# Poor Rottweiler :'(



## simplysardonic

****warning upsetting pictures****
Poor little baby, I hope she survives
I hope they find the vile person/people responsible for this cruelty:crying:
Barely alive - emaciated Rottweiler found on highway - National Dogs | Examiner.com


----------



## Starfish

Poor little love..

Those pictures put a lump in my throat.. :crying:


----------



## Ditsy42

OMG I'm speechless, I don't know what 2 say poor lil soul, really hope she makes it xx


----------



## Guest

omg i don`t think i have ever seen a dog in such a bad way , poor little love , peeps can be so heartless


----------



## Blondie

Poor little sausage!!! :cursing::cursing::cursing:


----------



## 912142

She looks like a sweet girl - who could do such a thing to her? I'm speechless - I really pray that she survives and finds owners that will care for her the way she should be cared for.
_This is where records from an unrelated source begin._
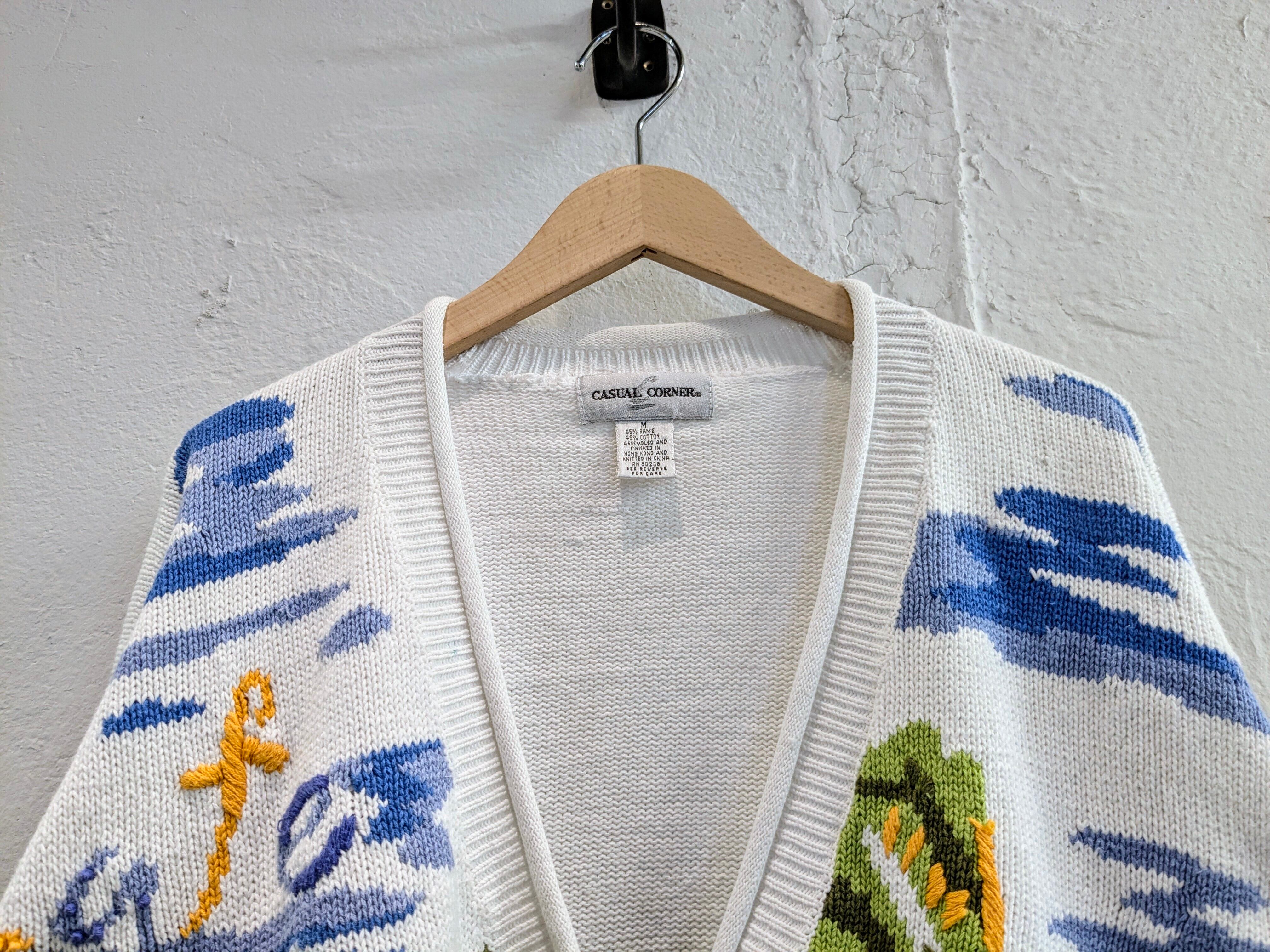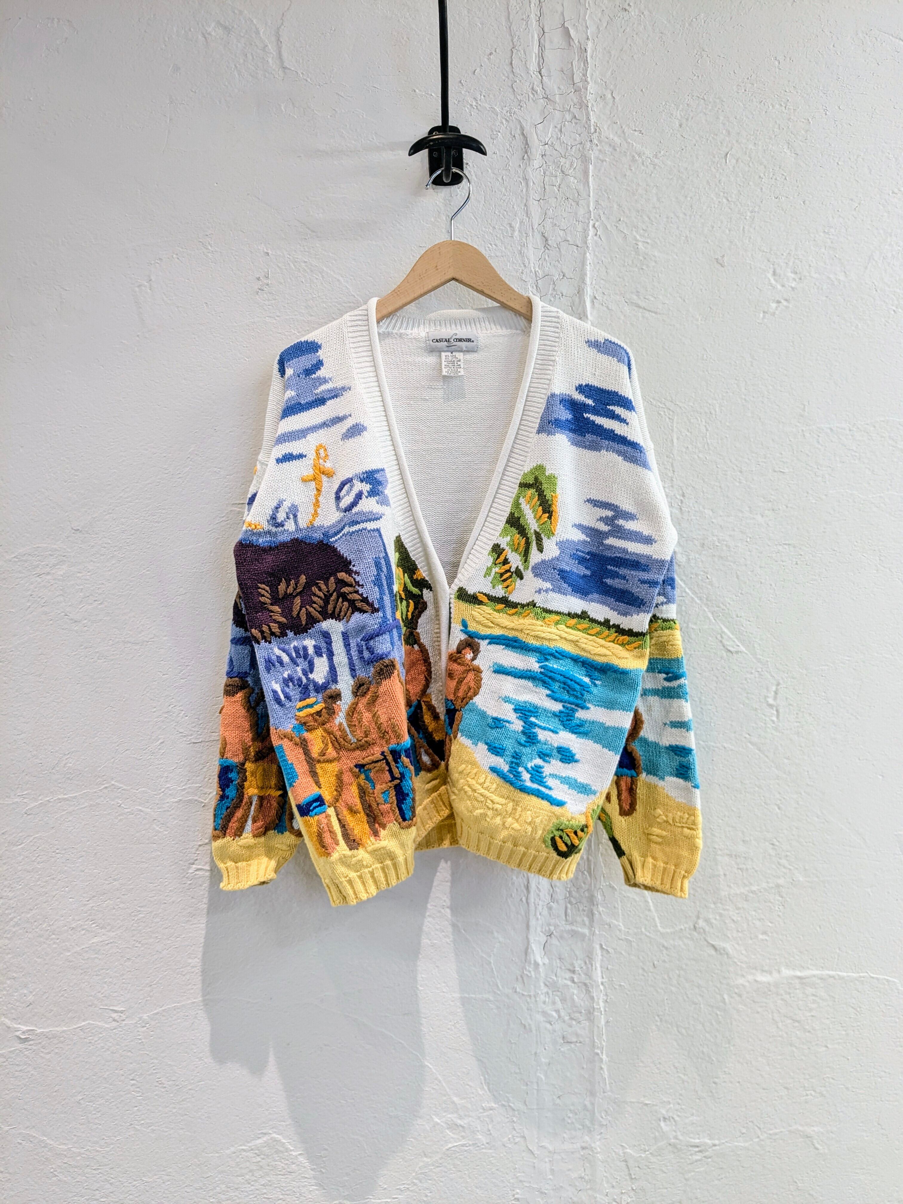 刺繍デザインのサマーニットカーディガン。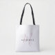 Saco de Tote do Monograma do Script Cor-de-Rosa Blush Branco Moderno Elegante. Um elegante monograma de script Blush Pink combinado com uma fonte limpa de san-serif preta faz uma aparência contemporânea.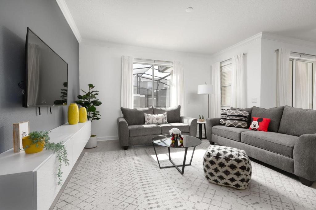 Tento klimatizovaný prázdninový dům v ubytování má 4 ložnice, 3 koupelny a kuchyň vybavenou lednicí a myčkou. V prázdninovém domě Last Minute Disney Getaway! Soukromý bazén, vířivka a herna jsou součástí ubytování. Book Now! #56757 nechybí TV a koupelna s fénem.

Disgusting and I feel sick with anger right now.


----------



## simplysardonic

diablo said:


> omg i don`t think i have ever seen a dog in such a bad way , poor little love , peeps can be so heartless


There was a little red pitbull in America this year, they called him Patrick as he was found around St. Patrick's day & he was in a similar condition, his despicable 'owner' threw him down a garbage chute. He survived so fingers crossed this girl will too


----------



## Reiterin

OMG- Poor dog! How can someone do this!? I hope she will get a good new home.


----------



## harley bear

Speachless! Whatever sick fk that did that to the poor soul needs to die a slow painfull death


----------



## hope

bloody hell thats shocking what horrid person could do such a thing :cursing:


----------



## skyblue

i've got 2 big dogs already and have said thats plenty......but i'd take this girl in and give her the life she deserves,i bet she'd enjoy running with bruno and tyson


----------



## Grace_Lily

Bastards. Absolutely sickening, some humans are just so evil.


----------



## pogo

that poor girl!


----------



## Mumbles

Thats absolutely disgusting poor little thing i don't understand how people can do that to a defenceless animal, if you don't want your dog give it to a rescue centre don't cause it unbelievable amounts of pain, that is a disturbed human who can do a thing like that.


----------



## lisaloo1

*omg* how can anyone do this to an animal, the poor girl, I hope she makes a full recovery and gets the best care ever. there are some evil people in this world :crying:


----------



## mickyb

This angers me so much, all this cruelty and nothing ever seems to get done about it, when will it all end, I can't believe what evil there is in the world.


----------



## Sled dog hotel

Poor dog with rest and small meals hopefully she will pick up. Its disgusting a dog doesnt get like that in a few days, she must have been left for so long, even if you had a genuine reason for giving her up originally, which I seriously doubt or if they just didnt want her, why dont they just at least put her in a shelter. From what I can gather there are plenty there.


----------



## Devil-Dogz

How that dog is still alive I will never know


----------



## Kittenfostermummy

Poor poor thing :crying: she doesnt even look like a rottie she is sooooo underweight!!! In the videos of her I just want to cry she looks sooo sad and like she just wants to die. there is no spark in her eyes at all. I hope to god she pulls through and can forgive man!!


----------



## billie jo

hope said:


> bloody hell thats shocking what horrid person could do such a thing :cursing:


I'll tell you who - a complete and utter, C you Next tues!! Would dearly like to say that to their faces too and not in abbreviations!!


----------



## Tula&Iver~cavs

That has to be one of the worst Rotties I've ever seen... I hope to god she makes a full recovery and gets that wonderful spark back in her eyes :crying:

I was watching a animal rescue program a few weeks backs, there was a male Rottie very under weight, bones sticking out... The owner said there is nothing wrong with his dog, his just very lean!!!!!!!! :cursing:

I hope the evil C*** gets what's coming to him/her!!!


----------



## emsky

This is why microchipping should be compulsary, absolutely sick to let this happen to a living being.


----------



## Kivasmum

poor sweet little thing 
I hope she makes a full recovery, then they find the scumbag that did this to her, cover him in gravy and stuff him like a kong and give the doggy 10 minutes alone in the room with him  now THAT would be justice!! :thumbup:


----------



## Superash

Heartbreaking.


----------



## 912142

I haven't been able to get this poor girl out of my mind so today I have emailed the rescue centre in Missouri to find out how she is doing and I really hope they get back to me with some info on her progress.

Let's hope it's good.


----------



## 912142

Here is what has come back from the rescue - there are updated pics on the email but I can't copy them over.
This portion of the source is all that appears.